→ **To do**
Would you repeat word for word the lines of the listing that follows, from the one with "La inflación en" up to and including the one with "最后,研究人员发现,coro", and leave out the images?

→ **Exercise material**
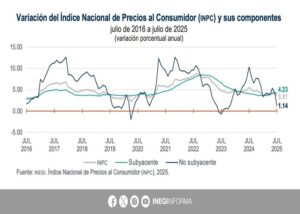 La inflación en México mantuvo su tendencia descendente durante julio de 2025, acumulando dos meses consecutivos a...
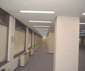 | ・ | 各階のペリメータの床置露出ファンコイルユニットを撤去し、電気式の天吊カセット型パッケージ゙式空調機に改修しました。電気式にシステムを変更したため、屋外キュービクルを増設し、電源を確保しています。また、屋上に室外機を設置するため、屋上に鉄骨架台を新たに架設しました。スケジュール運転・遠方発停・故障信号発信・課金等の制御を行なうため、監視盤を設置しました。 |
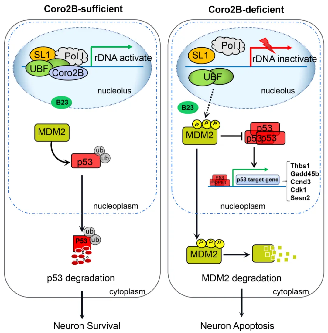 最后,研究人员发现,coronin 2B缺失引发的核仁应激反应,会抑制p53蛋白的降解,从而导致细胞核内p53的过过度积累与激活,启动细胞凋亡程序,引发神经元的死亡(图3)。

==

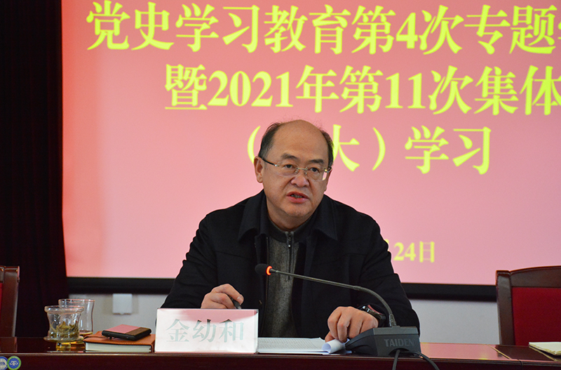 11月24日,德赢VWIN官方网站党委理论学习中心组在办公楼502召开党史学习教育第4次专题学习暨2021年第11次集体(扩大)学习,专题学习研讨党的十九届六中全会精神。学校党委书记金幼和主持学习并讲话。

---

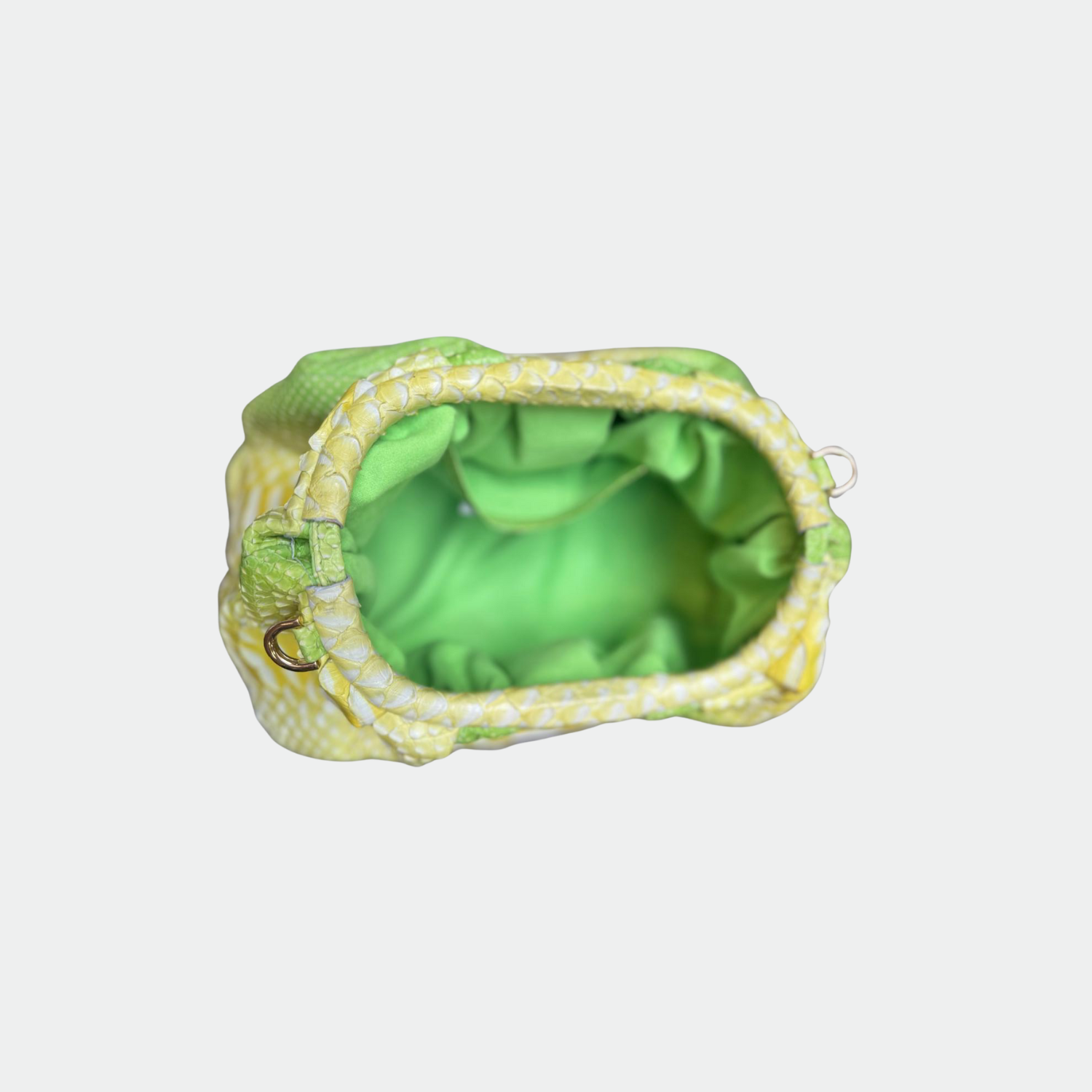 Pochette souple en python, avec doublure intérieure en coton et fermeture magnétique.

→ **Expected answer**
 La inflación en México mantuvo su tendencia descendente durante julio de 2025, acumulando dos meses consecutivos a...
 | ・ | 各階のペリメータの床置露出ファンコイルユニットを撤去し、電気式の天吊カセット型パッケージ゙式空調機に改修しました。電気式にシステムを変更したため、屋外キュービクルを増設し、電源を確保しています。また、屋上に室外機を設置するため、屋上に鉄骨架台を新たに架設しました。スケジュール運転・遠方発停・故障信号発信・課金等の制御を行なうため、監視盤を設置しました。 |
 最后,研究人员发现,coronin 2B缺失引发的核仁应激反应,会抑制p53蛋白的降解,从而导致细胞核内p53的过过度积累与激活,启动细胞凋亡程序,引发神经元的死亡(图3)。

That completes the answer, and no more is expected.